Полная версия
Большая книга мудрости Востока
…Растущее сомнение в человеческой автономии и разуме породило моральное смятение, и человек остался без руководства и откровения и разума (Сказано почти о нас. – Е. Я.).
…Должны ли мы согласиться на то, что альтернатива религии – релятивизм? Должны ли мы допустить отказ от разума в вопросах этики?.. Нет, есть другая альтернатива. Правильные этические нормы может сформулировать только разум человека, и только он один (Здесь и ниже курсив мой. – Е. Я.).
…Наше знание человеческой природы ведет не к этическому релятивизму, а напротив – к убеждению, что источники норм этического поведения следует искать в самой человеческой природе; что моральные нормы основаны на присущих человеку свойствах, грубое их попрание ведет к душевному и эмоциональному разладу.
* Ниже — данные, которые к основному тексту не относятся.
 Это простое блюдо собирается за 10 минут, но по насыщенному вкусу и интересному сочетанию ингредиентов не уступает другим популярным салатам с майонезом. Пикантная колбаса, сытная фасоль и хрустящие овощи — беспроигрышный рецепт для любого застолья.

…Чтобы доверять ценностям, человеку нужно знать себя, свою естественную способность к добру и плодотворности» (цит. по: Фромм Э. Человек не для себя. Минск, 1992).
Похоже, что Учитель Кун верил в естественную способность человека к добру и плодотворности, хотя драматические коллизии его собственной жизни едва ли создавали для этого избыточный оптимистический фон. Кто прав в этом извечном споре: сторонники религиозной или автономной морали – судить не нам. Но Учительство, понимаемое как миссия, добровольно взятое на себя предназначение, заставляет, помимо всего прочего, занять конфуцианско-фроммовскую позицию упрямого педагогического оптимизма, веры в возможность исправления хотя бы детской части человечества доступными разуму средствами.
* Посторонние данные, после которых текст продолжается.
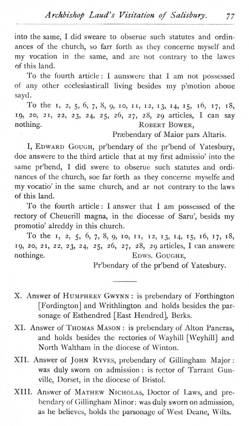 Page 30 Archbishop Laud's visitation of Salisbury in 1634: responses of Prebendaries Robert Bower, Edward Gough, Humphrey Gwynn, Thomas Mason, John Ryves and Mathew Nicholas.

В противном случае остается лишь молиться во спасение. Но это уже другой способ существования.

Учитель сказал: «Погрешности людей соответствуют их категориям и, наблюдая погрешности человека, можно знать, человечен он или нет».
Учитель сказал: «Если человек поутру узнает истинный Путь, то вечером он может умереть без сожаления».
Учитель сказал: «С ученым, который, стремясь к истине, стыдится плохого платья, и дурной пищи, и бедного народа, не стоит рассуждать».
Учитель сказал: «Благородный человек в мире ничего не предрешает, а действует, сообразуясь со справедливостью».
Учитель сказал: «Благородный муж думает о добродетели, а низкий – о спокойствии; благородный муж боится закона, а низкий жаждет корысти».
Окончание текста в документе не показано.